# Real estate purchase permission



## Guest (May 7, 2012)

Maybe it's just my bad memory, or maybe it was true. I think I remember reading that any foreigner buying MX property needs to get a permission from the Secretary of Relaciones Exteriores in order to buy, and that the cost for this permission is about 5300 pesos.

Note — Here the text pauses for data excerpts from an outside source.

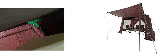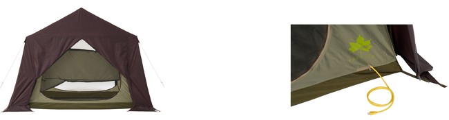 インナーテントは通気性に優れたC型ドア採用だから、暑い時期でも室内のムレを防ぎ快適な空間を実現するほか、電源コードの取り込み口も完備。ジッパー付きで冷気を遮断することも可能。
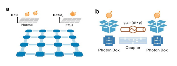 中国科学技术大学潘建伟、陆朝阳、陈明城教授等利用基于自主研发的Plasmonium(等离子体跃迁型)超导高非简谐性光学谐振器阵列,实现了光子间的非线性相互作用,并进一步在此系统中构建出作用于光子的等效磁场以构造人工规范场,在国际上首次实现了光子的分数量子反常霍尔态。这是利用“自底而上”的量子模拟方法进行量子物态和量子计算研究的重要进展。相关成果以长文的形式于北京时间5月3日发表在国际学术期刊《科学》(Science)上。
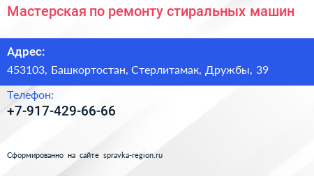 Мастерская по ремонту стиральных машин по адресу 453103, Башкортостан, Стерлитамак, Дружбы, 39 в дальнейшем Организация, размещена в следующих категориях:
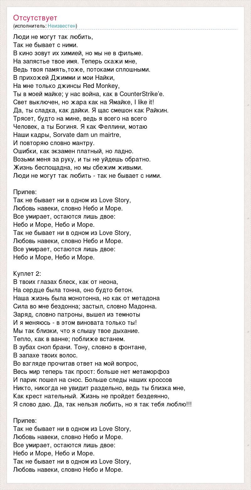 Люди не могут так любить, Так не бывает с ними. В кино зовут их химией, но мы не в фильме. На запястье твое имя. Теперь скажи мне, Ведь твоя память,тоже, потоками сплошными. В прихожей Джимми и мои Найки, На мне только джинсы Red Monkey, Ты в моей майке; у нас война, как в CounterStrike’е. Свет выключен, но жара как на Ямайке, I like it! Да, ты сладка, как дайки. Я щас смешон как Райкин. Трясет, будто на мине, ведь я всего на всего Человек, а ты Богиня. Я как Феллини, мотаю Наши кадры, Sorvate dam un mairtre, И повторяю словно мантру. Ошибки, как экзамен платный, но ладно. Возьми меня за руку, и ты не уйдешь обратно. Жизнь беспощадна, но мы сбежим живыми. Люди не могут так любить - так не бывает с ними. Припев: Так не бывает ни в одном из Love Story, Любовь навеки, словно Небо и Море. Все умирает, остаются лишь двое: Небо и Море, Небо и Море. Так не бывает ни в одном из Love Story, Любовь навеки, словно Небо и Море. Все умирает, остаются лишь двое: Небо и Море, Небо и Море. Куплет 2: В твоих глазах блеск, как от неона, На сердце была тонна, оно будто бетон. Наша жизнь была монотонна, но как от метадона Сила во мне бездонна; застыл, словно Мадонна. Заряд, словно патроны, вышел из темноты И я меняюсь - в этом виновата только ты! Мы так близки, что я слышу твое дыхание. Тепло, как в ванне; поближе встанем. В зубах сноп брани. Тону, словно в фонтане, В запахе твоих волос. Во взгляде прочитав ответ на мой вопрос, Весь мир теперь так прост: больше нет метаморфоз И парик пошел на снос. Больше следы наших кроссов Никто, никогда не увидит раздельно, ведь ты близка мне, Как крест нательный. Жизнь не пройдет бездеянно, Я слово даю. Да, так нельзя любить, но я так тебя люблю!!! Припев: Так не бывает ни в одном из Love Story, Любовь навеки, словно Небо и Море. Все умирает, остаются лишь двое: Небо и Море, Небо и Море. Так не бывает ни в одном из Love Story, Любовь навеки, словно Небо и Море.

That said, I am not in any restricted zones such as near the beaches or a border. I would be buying in my name, and not under a fideicomiso. I looked at the MX Government's website and here (either the 5th or 6th entry on their chart) it says " NO COST". Am I wrong, or is this just a moneymaker for the notarios?

trm-adq-Costos y Tiempos



-


----------



## conklinwh (Dec 19, 2009)

It maybe a notario moneymaker but nobody that I know has ever bought without 1st having a permiso. Our were $7000p so really good moneymaker.


----------



## chicois8 (Aug 8, 2009)

I have 2 properties in Mexico,1 with a fideicomiso and one with an escatura and both transactions I paid a fee of about 5000 pesos for the permission from the Dept. of Foreign Affairs....


----------



## kazslo (Jun 7, 2010)

Good thing I read this thread, I didn't know that I needed a permission to purchase outside of the restricted zone. In July I'm having the house transfered into my name - is there any reason that the permission can't be requested prior to the transaction without a notary, and according to the SRE at NO COST?


----------



## tommygn (Dec 2, 2011)

The permisión CAN be had at NO COST, that said, I advise that you pay the notary to do it. In general terms of notary costs, 5,000 is not a lot, and remember there is a reason why they charge for that. They will make sure the permit is correctly structured and complies with every law on your particular transaction.

My experience on Real Estate has brought me a mentality of not skimping on this little costs, remember it is your estate. Play it safe and have a pro do it for you.

At the very least it will save you a hastle. At the most it will protect 100,000´s of dollars of yours.


----------